What’s the challenge?

Given the critical nature of some systems and data, or compliance mandates that require segregation of duties for privileged access, IT teams commonly seek to restrict certain parts of their IT environment.

Many users require only limited or temporary access to privileged accounts. For example, third-party contractors may only need access for a specific project. These users should be able to access a privileged account only if they have a legitimate reason. They should lose their access once the reason is no longer valid.

With so many moving parts, it is typically a challenge to maintain oversight over the various users, and enforce accountability for keeping access levels up to date.

Why it's important

Trusted internal users should be aware of all third-party and temporary access so they can make sure privileged user activities are appropriate and privileges aren’t being misused. Substantial vulnerabilities exist in the organization if there are over-privileged users or credentials that should have been expired.

How approval workflow solves it

Approval workflow increases visibility and oversight for all privileged accounts, especially those accessed sporadically for special projects and by third parties.

Requiring two different users to complete a task helps prevent abuse of privilege.
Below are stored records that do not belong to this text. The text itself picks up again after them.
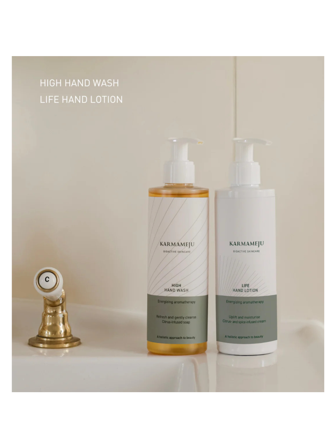 LIFE HANDLOTION: En nærende og fugtgivende håndcreme, der hurtigt absorberes af huden og efterlader hænderne bløde og velplejede. Formuleret med en base af økologisk sheasmør, arganolie og havtornolie, kombineret med en naturlig og opfriskende duft af citron, sort peber og citrongræs for en opløftende sanseoplevelse.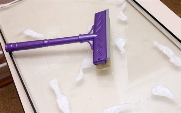 La prochaine étape: le film est décollé de la doublure (il est préférable de le faire ensemble), après quoi sa surface adhésive est également humidifiée avec de l'eau savonneuse. Ensuite, le film est placé avec la face adhésive sur le verre. Il ne reste plus qu'à chasser l'eau d'en dessous; cela se fait en faisant glisser un chiffon sec ou une carte en plastique du centre vers l'extérieur.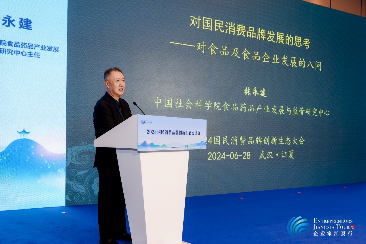 新华网北京6月28日电(任禹西)6月28日,由新华社湖北分社、新华网、中国企业改革与发展研究会、浙江省企业联合会主办的“向新而行向上生长——2024企业家江夏行”平行交流会“2024国民消费品牌创新生态交流会”在武汉市江夏区举行。中国社会科学院食品药品产业发展与监管研究中心主任张永建发表了题为《对国民消费品牌发展的思考——对食品及食品企业发展的八问》的演讲。

Enforcing approval steps and auditing who requested access and who approved it are key security controls to reduce risk.

Secret Server provides multiple options to implement approval workflows that fit your organization’s IT security policies, systems, and organizational structure.

 Unix Protection:

A successful Unix/Linux attack could be catastrophic. Unix and Linux systems are often heavily tied into critical and sensitive data. If a cyber criminal gains access to powerful root accounts, they have complete administrative control.

A multi-layered approach to Unix/Linux privilege management reduces security risk. It’s important to ensure local root accounts are discovered, protected, controlled, and managed. Additionally, it’s important to maintain Least Privilege policies by ensuring that powerful commands (such as Sudo or Su) are limited and monitored.

Secret Server allows you to extend privileged access management policies to Unix and Linux systems to improve visibility, consistency, and easy of management throughout your entire IT environment. By bringing Unix/Linux under a common PAM umbrella, you can centrally discover, rotate, expire, and disable credentials to prevent misuse and cyber attacks.

Disaster Recovery:

Secret Server is designed with multiple disaster recovery capabilities to make sure your organization’s critical data and employees’ hard work will be preserved.